We met early in April and by May I knew I loved him, a love that made my heart beat so hard I thought it just might tear from my chest and escape someplace far away. I didn’t know it was possible to love somebody so hard so quickly, but I did and I loved him with every part of my being in a way I had never experienced before. It was passionate and raw. It was terrifying. I didn’t want to be in love like this, it was foreign and I didn’t know how to navigate those waters. I thought I had sailed before but this was different. I was scared of what was happening to me. All my thoughts returned to him, all my nights went to him, my heart went to him, my body went to him, I just let this love wash over me and even if I had tried I knew there was nothing I could do to stop it. By the end of May we ended all our phone calls with “I love you.”

This was almost seven years ago now and many people ask me how I have spent the entirety of my 20s with one man and I have told them that when you find the love of a good man it is as though time vaporizes. There is never quite enough. He is such a part of me that I feel his presence in my bones. When he aches, I ache. When he bleeds, I bleed. When he’s happy, I’m happy. He is the kind of man who will make me homemade chicken noodle soup at my earliest inclination of feeling sick. He is the kind of man who treats my nieces and nephews with such love I can’t help but imagine him as the father of my future babies. He is the kind of man who knows everything about me and loves me anyway, loves me even though I can be hard to deal with, hard to live with. He is the kind of man who showers me in this love, whose hugs and kisses embrace my entire body, whose jokes make me laugh, whose touch drives me wild, whose voice makes the world feel alright, who makes me feel alive.

There have been hard times, oh yes, bruises on our hearts from times we were not our best selves, our best us. There were times we would look at each other and feel only despair. But we worked through those times because we recognize that sometimes you have to work for love, you have to fight for love, you have to try and try and try again to make things right because there is nothing more magical, nothing more beautiful, than a love worth fighting for.
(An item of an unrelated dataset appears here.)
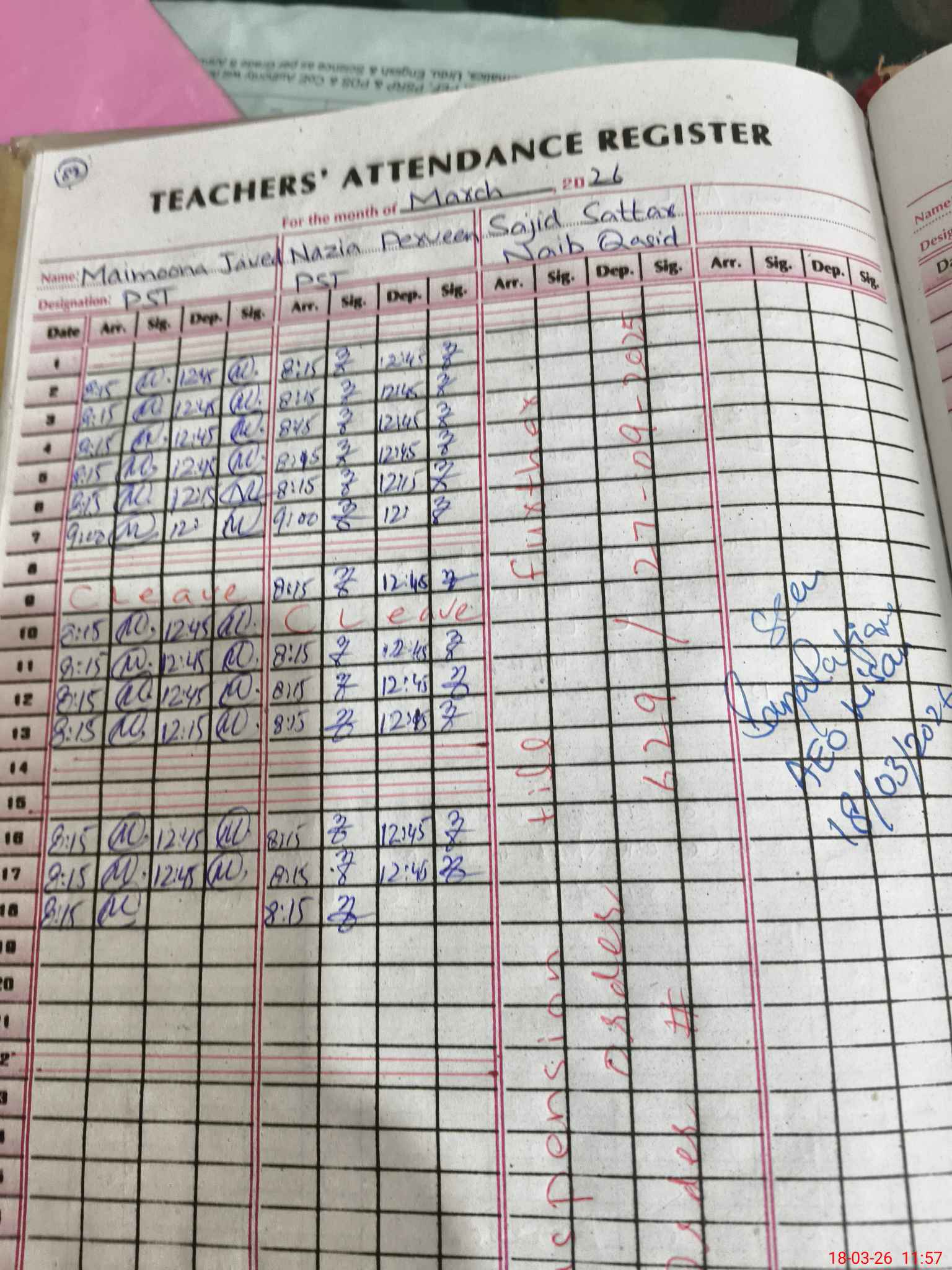 | 36**** | Na**** Ak**** | PST Science/Maths | Regular | 0 | 0 | 0 | 0 | 0 | 0 | 0 | 0 | 0 | Maternity |

A good love takes work, it takes dedication, it takes determination and it takes time. It takes effort. When people ask me how we’ve survived for so long, how we still show such affection and compassion for each other, it’s because we make the effort to be the best versions of ourselves we can be, for ourselves and for each other. We put in the effort to do things that couples do when they’re first starting to fall in love. We go on dates, we go on trips, we cook new recipes for each other and we try new wines. We laugh. We touch. We kiss. We care. Our secret is that we try.

When you find the love a good man, appreciate it. Love it. Take a minute each day to soak in its rays. Tell him you love him. Show him you love him. Hold him close like he holds you. Protect it and work for it and don’t be afraid of it. It wouldn’t be worth it if it didn’t make your heart race. Nothing is.